Significant steps forward include the opportunity to have an Indigenous representative from the Public Health Association of New Zealand on the Governing Council for two consecutive terms. This marked a significant step in Indigenous presence and voice at that level of governance and strategic decision-making for the federation. During 2017 at the World Congress on Public Health in Melbourne, a yarning circle was held to enable Indigenous delegates to meet and discuss the desire to form an Indigenous Working Group for the WFPHA. We now have one of the fastest established IWGs at this level. We have been able to increase Indigenous voice and participation through this mechanism. As a result in May 2022, I – an Indigenous woman from Āotearoa – was honoured to be elected to take up the role of president of the federation at the World Health Assembly in Geneva in May 2024. The federation also adopted a new goal in May 2023 of ‘Contributing to systemic change and decolonising public health’. That is a major commitment by an organisation of this nature.

This is a strategic move. The willingness of our key leaders and members to contribute to the global efforts demonstrates the federation’s authentic understanding of the absolute need for our public health community to recognise the inequities and burden of ill health and disease faced by Indigenous populations globally. We embrace and lead efforts to address those issues. In November last year, through the efforts of our IWG, we drafted a definition for the federation of ‘Decolonising public health’. We are clear that this is a working definition as it marks the beginning of our efforts to understand what this looks like for our membership and associations. The IWG will also continue to create opportunities to lead education and socialisation efforts about what it means to decolonise this space and what resources are needed to support this education. We recognise this is no small task, but we also recognise the important opportunity to start moving towards truly dismantling barriers to Indigenous health and reimagining and creating new practices and approaches to decolonise global public health.
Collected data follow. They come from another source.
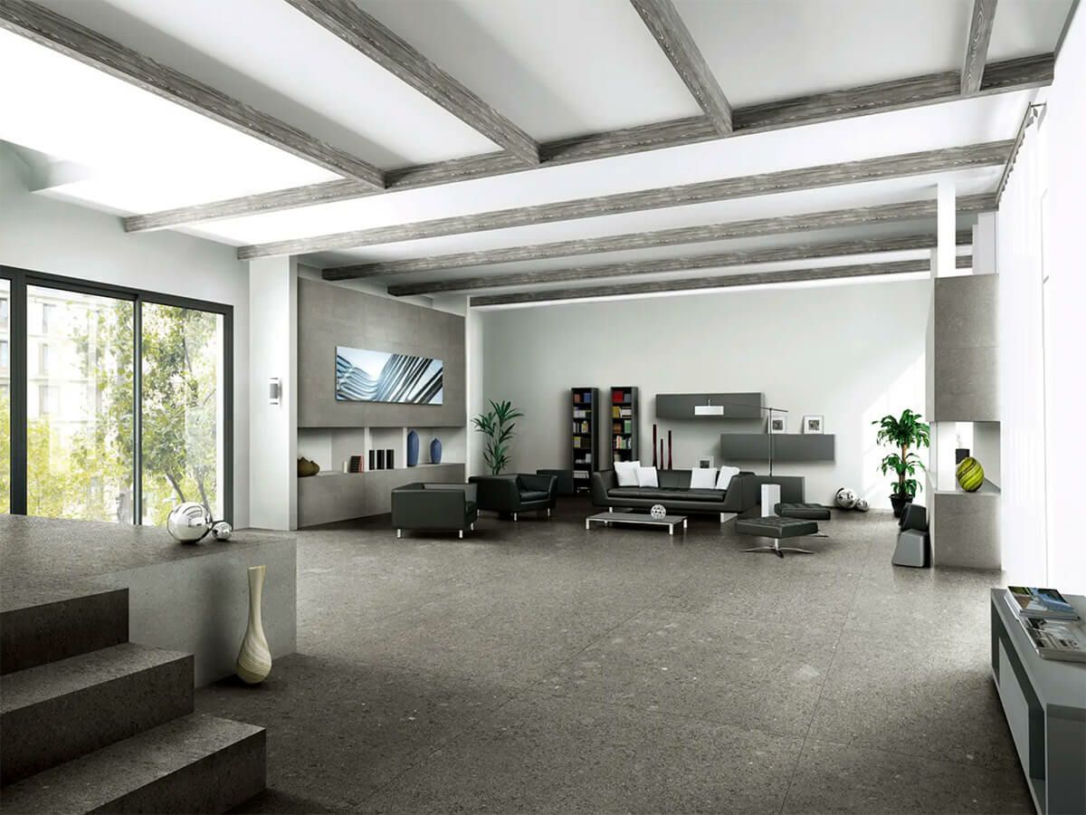 1200×600角の10mm厚で3面状を揃えた大判サイズのシリーズです。 リッジ(隆線)のように立体感のある石模様の平面と、ハンマーで叩いたような岩面、柄はカネット(糸すじ)のような繊細なラインが特徴。 厳選した5種類の天然石の再現は、ミニマルで機能的な装飾とマッチします。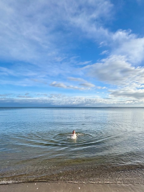 Apropos essentiell: ich habe – spontan und ungeplant den Übergang von 2025 auf 2026 IM Wasser, in der frischen Ostsee verbracht, geplantscht, gequitscht und das Feuerwerk bewundert. Voilà: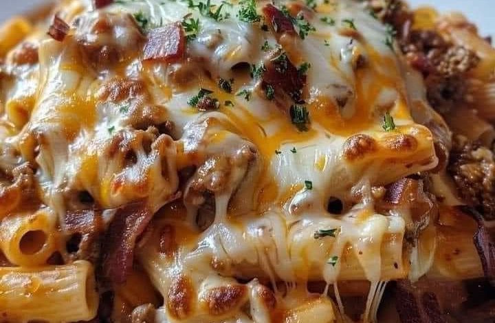 Cheesy Baked Ziti with Bacon and Ground Beef

What challenges and constraints remain?

The biggest challenge to the efforts to decolonise our society or elements of it is the appetite of individuals to bravely understand and educate themselves on the necessity of this process, and how and why inequities exist – and that it is very possible to address these through this process. It is multifaceted and requires the collective efforts of many. This work has been happening for decades, and will continue for many more to come. However, the more allies we have, the greater the efforts will be and the more success we will have. The beauty of this work is that everyone gains. There is a state of fear that exists when individuals and groups, governments and populations don’t understand the context of how we arrived at this place of significant inequities in health for Indigenous populations. Governments and the systems they facilitate in societies are made up of people who make decisions that either ultimately increase or decrease the well-being and life success of human beings. People are responsible for perpetuating the inequities or for genuinely working on creating new or better ways to reduce harm and increase health for all. Indigenous societies are driven by collective systems that support health and well-being while living and caring for the health of the planet and all the resources within it. We have forever understood about balance and honouring the place we have on the earth. Never more than now do we need to value the place and wisdom of Indigenous populations. A commitment to decolonise public health is a start to valuing our craft of public health differently and truly addressing health inequities and increasing life success for some of our most affected populations.